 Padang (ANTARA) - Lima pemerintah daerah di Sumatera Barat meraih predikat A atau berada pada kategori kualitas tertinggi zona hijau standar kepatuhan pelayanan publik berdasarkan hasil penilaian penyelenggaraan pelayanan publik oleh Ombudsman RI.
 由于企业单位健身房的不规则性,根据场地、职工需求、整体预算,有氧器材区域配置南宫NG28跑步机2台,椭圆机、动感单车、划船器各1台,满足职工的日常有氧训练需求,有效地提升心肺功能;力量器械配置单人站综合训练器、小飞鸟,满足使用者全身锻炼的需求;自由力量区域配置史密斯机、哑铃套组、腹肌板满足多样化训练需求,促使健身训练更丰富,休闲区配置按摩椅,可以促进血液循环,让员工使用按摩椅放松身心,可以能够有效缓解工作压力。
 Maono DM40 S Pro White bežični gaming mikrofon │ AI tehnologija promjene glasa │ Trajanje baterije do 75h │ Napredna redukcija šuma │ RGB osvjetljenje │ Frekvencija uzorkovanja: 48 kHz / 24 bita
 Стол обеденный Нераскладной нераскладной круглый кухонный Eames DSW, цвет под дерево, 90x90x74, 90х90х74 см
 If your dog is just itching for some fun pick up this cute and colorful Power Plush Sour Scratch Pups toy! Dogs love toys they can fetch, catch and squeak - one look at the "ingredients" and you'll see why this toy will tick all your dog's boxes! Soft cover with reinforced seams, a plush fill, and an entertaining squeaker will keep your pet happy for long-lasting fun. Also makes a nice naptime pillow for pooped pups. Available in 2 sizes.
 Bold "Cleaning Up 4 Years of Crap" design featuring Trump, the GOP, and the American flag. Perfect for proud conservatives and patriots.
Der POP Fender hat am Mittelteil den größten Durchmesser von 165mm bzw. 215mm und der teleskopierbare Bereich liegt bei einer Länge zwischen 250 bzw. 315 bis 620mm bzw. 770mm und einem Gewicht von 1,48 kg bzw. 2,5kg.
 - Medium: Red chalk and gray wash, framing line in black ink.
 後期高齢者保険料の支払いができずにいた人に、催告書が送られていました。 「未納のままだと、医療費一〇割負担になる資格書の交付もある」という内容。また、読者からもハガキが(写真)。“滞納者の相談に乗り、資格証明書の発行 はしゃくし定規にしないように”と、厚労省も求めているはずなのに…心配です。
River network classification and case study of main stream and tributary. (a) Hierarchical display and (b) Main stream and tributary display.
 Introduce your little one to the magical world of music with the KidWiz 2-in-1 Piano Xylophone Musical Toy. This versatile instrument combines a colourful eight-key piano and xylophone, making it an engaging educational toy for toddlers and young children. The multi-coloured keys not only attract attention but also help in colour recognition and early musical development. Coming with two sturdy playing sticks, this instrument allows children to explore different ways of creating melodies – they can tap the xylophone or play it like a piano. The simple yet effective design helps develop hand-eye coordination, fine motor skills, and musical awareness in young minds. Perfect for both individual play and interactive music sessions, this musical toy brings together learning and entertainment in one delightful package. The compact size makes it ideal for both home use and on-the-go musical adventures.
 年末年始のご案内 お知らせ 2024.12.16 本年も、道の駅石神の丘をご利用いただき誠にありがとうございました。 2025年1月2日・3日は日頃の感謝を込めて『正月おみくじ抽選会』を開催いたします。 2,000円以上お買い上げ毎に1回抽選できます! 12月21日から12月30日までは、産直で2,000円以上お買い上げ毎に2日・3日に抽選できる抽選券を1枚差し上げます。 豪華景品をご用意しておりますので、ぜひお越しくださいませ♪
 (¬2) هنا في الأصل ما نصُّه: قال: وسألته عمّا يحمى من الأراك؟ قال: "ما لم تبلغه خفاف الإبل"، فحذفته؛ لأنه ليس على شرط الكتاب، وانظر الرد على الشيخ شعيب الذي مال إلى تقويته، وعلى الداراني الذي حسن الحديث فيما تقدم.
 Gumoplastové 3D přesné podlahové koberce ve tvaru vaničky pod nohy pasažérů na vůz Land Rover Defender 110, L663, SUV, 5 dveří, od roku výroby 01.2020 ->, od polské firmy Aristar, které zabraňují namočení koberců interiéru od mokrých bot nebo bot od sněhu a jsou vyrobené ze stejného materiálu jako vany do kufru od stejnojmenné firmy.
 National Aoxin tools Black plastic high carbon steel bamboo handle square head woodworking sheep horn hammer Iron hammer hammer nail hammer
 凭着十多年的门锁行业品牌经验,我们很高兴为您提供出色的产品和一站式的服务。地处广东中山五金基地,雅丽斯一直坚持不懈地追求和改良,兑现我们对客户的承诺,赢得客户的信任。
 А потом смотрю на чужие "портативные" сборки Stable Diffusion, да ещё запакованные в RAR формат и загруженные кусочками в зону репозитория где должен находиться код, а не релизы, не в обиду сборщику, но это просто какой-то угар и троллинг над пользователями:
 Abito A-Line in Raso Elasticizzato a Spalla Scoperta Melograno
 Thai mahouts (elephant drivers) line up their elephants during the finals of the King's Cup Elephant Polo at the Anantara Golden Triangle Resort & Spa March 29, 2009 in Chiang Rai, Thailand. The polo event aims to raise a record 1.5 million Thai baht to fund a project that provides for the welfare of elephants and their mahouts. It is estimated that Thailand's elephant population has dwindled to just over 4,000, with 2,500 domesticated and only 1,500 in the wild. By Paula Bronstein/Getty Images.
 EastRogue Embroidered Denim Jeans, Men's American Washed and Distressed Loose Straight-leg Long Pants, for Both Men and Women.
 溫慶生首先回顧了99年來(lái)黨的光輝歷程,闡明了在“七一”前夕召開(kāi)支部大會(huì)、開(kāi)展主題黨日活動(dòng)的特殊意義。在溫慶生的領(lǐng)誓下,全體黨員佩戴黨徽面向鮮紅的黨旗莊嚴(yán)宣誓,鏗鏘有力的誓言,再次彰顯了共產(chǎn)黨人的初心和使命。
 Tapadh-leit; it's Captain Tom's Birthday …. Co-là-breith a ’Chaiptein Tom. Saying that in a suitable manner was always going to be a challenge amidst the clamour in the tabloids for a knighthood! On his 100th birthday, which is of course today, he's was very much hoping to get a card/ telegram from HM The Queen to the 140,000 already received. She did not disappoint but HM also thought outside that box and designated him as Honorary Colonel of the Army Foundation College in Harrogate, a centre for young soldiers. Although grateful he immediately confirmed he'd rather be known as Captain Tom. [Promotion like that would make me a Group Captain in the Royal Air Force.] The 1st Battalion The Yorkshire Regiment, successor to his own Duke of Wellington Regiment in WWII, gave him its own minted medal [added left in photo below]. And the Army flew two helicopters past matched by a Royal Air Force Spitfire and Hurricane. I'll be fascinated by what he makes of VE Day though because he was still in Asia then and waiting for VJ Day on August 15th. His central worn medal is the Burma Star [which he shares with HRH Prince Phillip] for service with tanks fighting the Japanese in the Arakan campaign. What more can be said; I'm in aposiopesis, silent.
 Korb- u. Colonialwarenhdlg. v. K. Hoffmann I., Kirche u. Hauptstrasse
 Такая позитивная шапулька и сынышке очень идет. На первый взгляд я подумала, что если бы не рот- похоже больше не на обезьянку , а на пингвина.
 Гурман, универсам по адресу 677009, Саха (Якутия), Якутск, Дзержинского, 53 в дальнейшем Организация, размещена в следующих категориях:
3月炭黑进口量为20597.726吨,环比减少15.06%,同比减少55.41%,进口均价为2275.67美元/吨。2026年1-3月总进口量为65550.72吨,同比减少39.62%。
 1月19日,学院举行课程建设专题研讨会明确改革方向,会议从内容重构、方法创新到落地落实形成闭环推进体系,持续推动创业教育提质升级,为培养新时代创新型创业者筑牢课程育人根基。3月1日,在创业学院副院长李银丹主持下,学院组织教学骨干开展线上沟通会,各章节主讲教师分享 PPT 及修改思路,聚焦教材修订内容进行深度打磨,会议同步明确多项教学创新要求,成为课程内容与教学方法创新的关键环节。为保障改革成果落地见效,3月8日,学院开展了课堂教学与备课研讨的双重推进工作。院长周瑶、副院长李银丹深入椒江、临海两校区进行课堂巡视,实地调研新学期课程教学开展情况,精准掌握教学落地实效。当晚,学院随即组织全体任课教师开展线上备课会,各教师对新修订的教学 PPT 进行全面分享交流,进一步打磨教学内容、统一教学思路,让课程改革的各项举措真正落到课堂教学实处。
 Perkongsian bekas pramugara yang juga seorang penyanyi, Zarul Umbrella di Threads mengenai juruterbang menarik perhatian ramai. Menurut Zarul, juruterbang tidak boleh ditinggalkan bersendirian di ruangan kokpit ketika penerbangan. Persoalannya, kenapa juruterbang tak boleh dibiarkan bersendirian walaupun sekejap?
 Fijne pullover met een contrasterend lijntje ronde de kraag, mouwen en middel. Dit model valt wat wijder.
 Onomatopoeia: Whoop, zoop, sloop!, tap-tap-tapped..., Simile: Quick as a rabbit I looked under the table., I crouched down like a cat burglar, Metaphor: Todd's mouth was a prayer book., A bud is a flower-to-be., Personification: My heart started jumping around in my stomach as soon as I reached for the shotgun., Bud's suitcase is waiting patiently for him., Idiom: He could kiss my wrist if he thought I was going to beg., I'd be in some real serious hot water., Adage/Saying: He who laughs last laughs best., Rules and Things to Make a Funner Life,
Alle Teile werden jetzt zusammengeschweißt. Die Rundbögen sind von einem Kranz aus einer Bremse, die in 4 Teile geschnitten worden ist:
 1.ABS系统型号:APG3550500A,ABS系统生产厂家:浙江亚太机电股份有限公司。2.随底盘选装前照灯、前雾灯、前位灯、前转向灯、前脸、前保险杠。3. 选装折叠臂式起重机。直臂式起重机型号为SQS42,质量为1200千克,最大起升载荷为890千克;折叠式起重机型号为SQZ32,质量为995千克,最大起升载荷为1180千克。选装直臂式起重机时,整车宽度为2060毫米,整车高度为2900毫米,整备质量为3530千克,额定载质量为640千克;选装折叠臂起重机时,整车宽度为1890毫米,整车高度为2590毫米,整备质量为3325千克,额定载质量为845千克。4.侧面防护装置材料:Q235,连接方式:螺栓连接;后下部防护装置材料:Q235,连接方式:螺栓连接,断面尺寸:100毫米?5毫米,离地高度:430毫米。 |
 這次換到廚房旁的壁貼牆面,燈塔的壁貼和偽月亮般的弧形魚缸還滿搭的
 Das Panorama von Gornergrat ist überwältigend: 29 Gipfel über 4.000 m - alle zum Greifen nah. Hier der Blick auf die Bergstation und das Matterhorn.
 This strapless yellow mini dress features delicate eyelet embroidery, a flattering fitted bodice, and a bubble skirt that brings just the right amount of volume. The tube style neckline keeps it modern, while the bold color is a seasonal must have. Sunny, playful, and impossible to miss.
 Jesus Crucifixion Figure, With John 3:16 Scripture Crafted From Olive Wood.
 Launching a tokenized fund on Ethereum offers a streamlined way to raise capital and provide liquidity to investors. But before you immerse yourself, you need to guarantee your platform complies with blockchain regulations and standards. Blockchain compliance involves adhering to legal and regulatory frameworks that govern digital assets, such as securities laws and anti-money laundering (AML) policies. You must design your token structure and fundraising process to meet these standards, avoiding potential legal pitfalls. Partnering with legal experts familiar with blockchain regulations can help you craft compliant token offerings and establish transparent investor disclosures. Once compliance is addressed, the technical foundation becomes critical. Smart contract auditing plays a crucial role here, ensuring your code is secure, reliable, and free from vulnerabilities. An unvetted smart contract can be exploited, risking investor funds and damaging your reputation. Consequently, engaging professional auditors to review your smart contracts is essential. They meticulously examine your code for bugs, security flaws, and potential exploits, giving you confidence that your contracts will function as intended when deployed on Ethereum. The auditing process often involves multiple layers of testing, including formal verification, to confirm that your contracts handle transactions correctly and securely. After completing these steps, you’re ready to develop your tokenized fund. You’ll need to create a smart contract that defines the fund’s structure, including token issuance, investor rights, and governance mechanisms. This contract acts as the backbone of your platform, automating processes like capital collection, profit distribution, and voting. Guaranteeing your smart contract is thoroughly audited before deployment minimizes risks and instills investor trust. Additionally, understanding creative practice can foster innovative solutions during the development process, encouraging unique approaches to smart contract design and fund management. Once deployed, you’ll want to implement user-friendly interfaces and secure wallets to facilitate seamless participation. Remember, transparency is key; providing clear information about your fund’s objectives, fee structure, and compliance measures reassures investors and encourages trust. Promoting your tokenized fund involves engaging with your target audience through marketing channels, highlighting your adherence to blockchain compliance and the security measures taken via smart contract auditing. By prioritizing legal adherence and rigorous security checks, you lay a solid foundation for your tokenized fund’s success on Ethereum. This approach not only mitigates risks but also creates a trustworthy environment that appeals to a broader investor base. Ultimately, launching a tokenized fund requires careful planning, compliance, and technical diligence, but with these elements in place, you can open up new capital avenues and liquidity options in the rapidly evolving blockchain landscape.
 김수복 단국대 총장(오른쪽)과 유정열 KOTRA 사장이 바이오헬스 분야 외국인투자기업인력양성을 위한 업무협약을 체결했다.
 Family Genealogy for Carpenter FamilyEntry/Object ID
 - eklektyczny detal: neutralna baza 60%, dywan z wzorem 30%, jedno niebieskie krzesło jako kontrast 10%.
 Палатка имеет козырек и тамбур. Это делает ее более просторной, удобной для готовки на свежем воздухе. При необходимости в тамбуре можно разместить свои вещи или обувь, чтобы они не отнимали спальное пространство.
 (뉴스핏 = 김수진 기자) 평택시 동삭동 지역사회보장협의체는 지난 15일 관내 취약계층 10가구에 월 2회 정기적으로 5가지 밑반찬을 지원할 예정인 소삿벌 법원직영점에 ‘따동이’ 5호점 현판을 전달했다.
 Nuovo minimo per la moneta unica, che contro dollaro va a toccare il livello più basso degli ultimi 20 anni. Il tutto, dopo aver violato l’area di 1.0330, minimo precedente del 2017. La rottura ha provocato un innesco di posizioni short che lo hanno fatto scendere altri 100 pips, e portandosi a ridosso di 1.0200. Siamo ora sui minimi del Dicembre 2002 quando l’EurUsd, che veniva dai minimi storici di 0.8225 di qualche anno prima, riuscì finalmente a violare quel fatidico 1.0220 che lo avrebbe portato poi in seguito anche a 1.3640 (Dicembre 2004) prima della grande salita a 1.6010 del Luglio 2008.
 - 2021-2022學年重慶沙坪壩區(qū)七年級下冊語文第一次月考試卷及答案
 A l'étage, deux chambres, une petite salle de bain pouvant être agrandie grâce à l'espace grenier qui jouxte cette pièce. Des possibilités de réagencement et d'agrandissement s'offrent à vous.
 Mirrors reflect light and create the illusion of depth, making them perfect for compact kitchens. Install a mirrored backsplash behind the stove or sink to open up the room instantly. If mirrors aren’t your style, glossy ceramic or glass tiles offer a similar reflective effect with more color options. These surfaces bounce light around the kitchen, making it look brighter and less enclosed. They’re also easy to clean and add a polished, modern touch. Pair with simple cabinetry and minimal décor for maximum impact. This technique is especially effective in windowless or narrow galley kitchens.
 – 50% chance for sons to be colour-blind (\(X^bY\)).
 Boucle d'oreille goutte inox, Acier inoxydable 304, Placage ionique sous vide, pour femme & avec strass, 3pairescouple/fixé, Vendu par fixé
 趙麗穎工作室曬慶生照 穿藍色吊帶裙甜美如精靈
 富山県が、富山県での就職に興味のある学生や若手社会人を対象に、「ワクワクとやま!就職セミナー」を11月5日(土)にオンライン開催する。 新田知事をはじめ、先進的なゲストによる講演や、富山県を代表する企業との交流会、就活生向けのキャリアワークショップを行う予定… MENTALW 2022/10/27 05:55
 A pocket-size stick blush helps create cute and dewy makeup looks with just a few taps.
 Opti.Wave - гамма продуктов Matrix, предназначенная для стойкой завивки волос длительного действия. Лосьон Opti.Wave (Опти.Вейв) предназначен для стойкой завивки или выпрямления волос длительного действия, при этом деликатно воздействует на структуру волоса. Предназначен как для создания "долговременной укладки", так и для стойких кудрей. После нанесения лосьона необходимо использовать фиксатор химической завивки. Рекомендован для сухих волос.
- - - - - - -
Aim of the exercise
Please copy, exactly and with nothing else, the lines above beginning at the line that has "Gumoplastové 3D přesné" and ending with the line that has "Abito A-Line in".

Solution
 Gumoplastové 3D přesné podlahové koberce ve tvaru vaničky pod nohy pasažérů na vůz Land Rover Defender 110, L663, SUV, 5 dveří, od roku výroby 01.2020 ->, od polské firmy Aristar, které zabraňují namočení koberců interiéru od mokrých bot nebo bot od sněhu a jsou vyrobené ze stejného materiálu jako vany do kufru od stejnojmenné firmy.
 National Aoxin tools Black plastic high carbon steel bamboo handle square head woodworking sheep horn hammer Iron hammer hammer nail hammer
 凭着十多年的门锁行业品牌经验,我们很高兴为您提供出色的产品和一站式的服务。地处广东中山五金基地,雅丽斯一直坚持不懈地追求和改良,兑现我们对客户的承诺,赢得客户的信任。
 А потом смотрю на чужие "портативные" сборки Stable Diffusion, да ещё запакованные в RAR формат и загруженные кусочками в зону репозитория где должен находиться код, а не релизы, не в обиду сборщику, но это просто какой-то угар и троллинг над пользователями:
 Abito A-Line in Raso Elasticizzato a Spalla Scoperta Melograno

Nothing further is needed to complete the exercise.